In a nutshell:

  • Paid sick time is on the national agenda and likely to gain prominence in 2019.
  • Last year, Michigan became 11th state to enact a paid sick time law.
  • Michigan’s law, originally approved as citizen-initiated petition, was adopted and later amended during the same legislative session to align with similar laws in other states.
  • The controversy over modifying the original law during lame duck may lead to lawsuits, a referendum, or another ballot drive.

Issues around workplace fairness – paid sick time, minimum wage increases, laws barring pregnancy discrimination – have been hot nationally and it looks like further attention will be given to them in 2019. Michigan enacted new laws related to paid sick time and minimum wage late in 2018, and while the ink is barely dry, they are poised to be the center of further public debate.  

Enacted in September, amended in December

A citizen-initiated law was enacted by the legislature in September to avoid it going on the ballot as proposed. As originally passed, it provided generous benefits to almost all Michigan workers. The law provided up to 72 hours of paid sick time a year; small businesses with fewer than 10 employees were required to provide 40 hours paid and 32 hours unpaid time.
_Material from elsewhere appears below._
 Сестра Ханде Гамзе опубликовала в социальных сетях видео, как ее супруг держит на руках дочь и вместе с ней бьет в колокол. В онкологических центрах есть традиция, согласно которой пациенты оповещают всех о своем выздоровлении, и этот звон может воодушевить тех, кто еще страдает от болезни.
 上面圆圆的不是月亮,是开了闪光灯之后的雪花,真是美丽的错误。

It also defined family members broadly and allowed paid sick time to be used for many purposes, including health care, school meetings, and closures due to public health emergencies.
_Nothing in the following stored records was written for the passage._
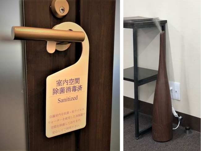 ・会議室内のデスク、イス、演台、ホワイトボード、マーカー、ハンガー、各種スイッチ類など、直接手の触れる箇所に専用除菌剤をスプレーで噴霧し、拭き上げを行います。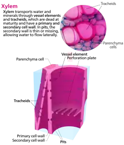 Las células más características del xilema son los largos elementos traqueales que transportan el agua. Las traqueidas y los elementos de vasos se distinguen por su forma; los elementos de vaso son más cortos, y están conectados entre sí en tubos largos que se llaman vasos.[5]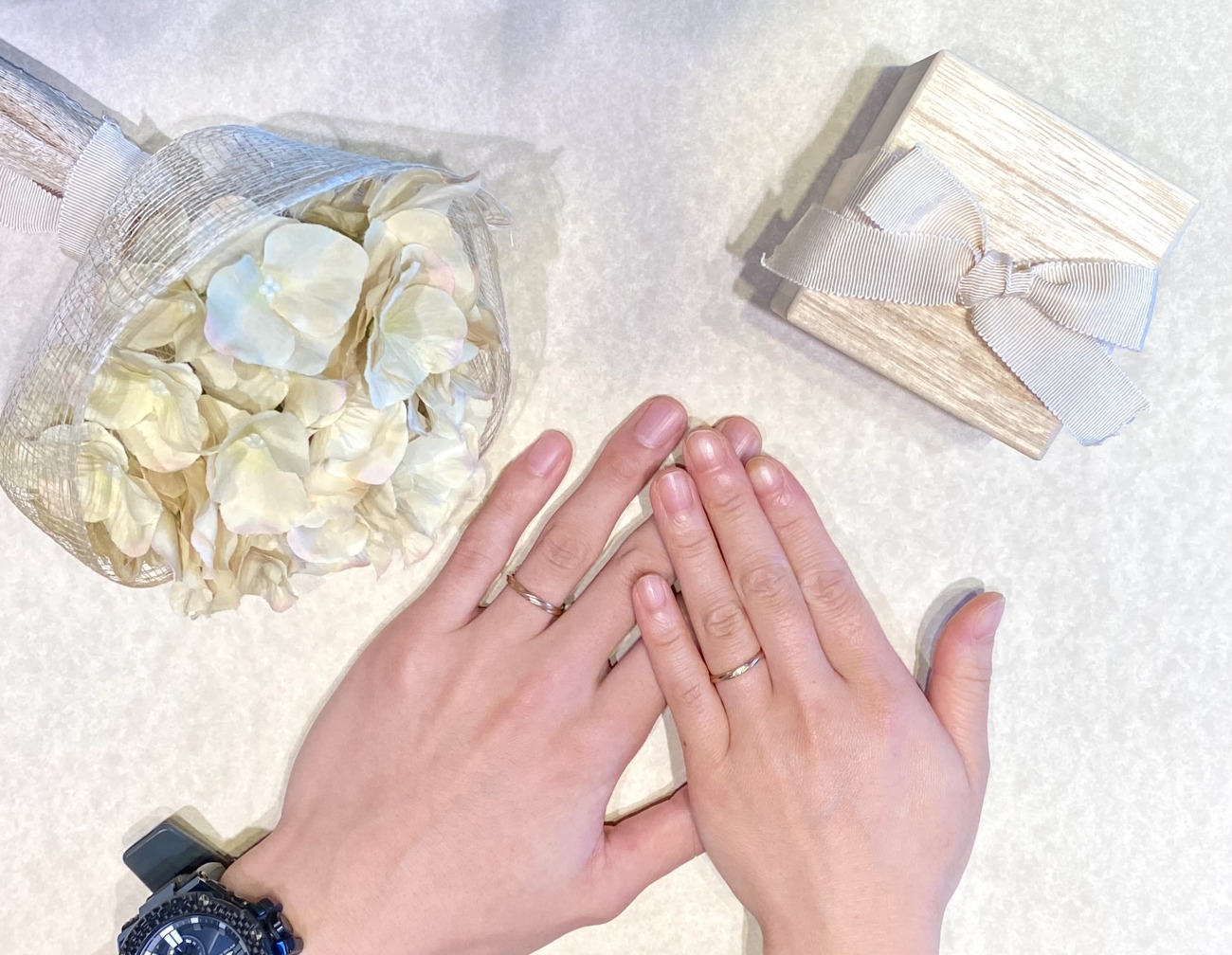 プロポーズは、おふたりで過ごす日常の中でプロポーズされたそうです。何もなかった日が特別な記念日になった瞬間ですよね!365日の中で大切な日が増えたことがとても素敵です!そんなお二人がお選びになったご結婚指輪をご紹介致します。

The law was enacted by a Republican-led legislature at the urging of the business community with the unstated intent to amend many of its provisions during the lame duck legislative session – that post-election time during which many legislators are voting in their last days as elected officials.

The amended law, signed by Governor Snyder before leaving office, allows employees to accrue one hour of sick time for every 35 hours worked up to 40 hours total. As amended, the law exempts employers with fewer than 50 employees and provides additional exemptions (e.g., individuals exempt from overtime requirements, etc.). It also does not include domestic partners as family members and disallows school meetings as an allowable use of paid sick time.

Now how does the law compare with others?

Michigan is the 11th state with a paid sick time law on the books. Most other states cap paid sick time at 24 to 40 hours and exempt more types of employees than Michigan’s original law. Some states also placed more restrictions on the uses of paid sick time.

The amended law brings Michigan’s more in line with others in both hours granted and exemptions. About half of the state laws allow benefits for domestic partners.   

What’s in store – another ballot drive?

Progressive groups say that lawmakers gutted the original law and have undermined the spirit of the initiative by limiting its benefits. MI Time to Care, the group behind the 2018 petition drive, recently filed a petition to launch a 2020 ballot drive to possibly bring the issue back to the ballot. If that occurs, Michigan will join Maine, which already has a paid sick leave initiative slated for the ballot in 2019.

Another option being considered by supporters is pursuing a voter referendum on the amended law. A referendum effort would require supporters to gather signatures from registered voters equal to five percent of the number of votes cast for governor in the last election. This is not a minor task. The 2018 election saw high voter turnout, meaning that 212,530 signatures would be required.

If supporters gather enough signatures, the newly amended laws would be suspended until they can be voted on at the 2020 election. This means the original citizen-initiated law would be enacted until the referendum; the results of which would determine which version of the paid sick time law would ultimately take effect.

Supporters of the original law are also considering legal options, mostly focused on the legality of the adopt-and-amend strategy. A 1964 Attorney General opinion argued that the legislature cannot adopt and amend citizen initiatives in the same legislative session. The new legislative session brings a new governor and legislators, and waiting would have made the law harder to amend. However, the outgoing attorney general, Bill Schuette, opined that no such prohibition exists and the legislature was within its rights to adopt and amend citizen initiatives in the same legislative session.

Who is correct? Time, and possibly the courts, may tell. While these attorney general opinions are binding, they can be overturned by the courts.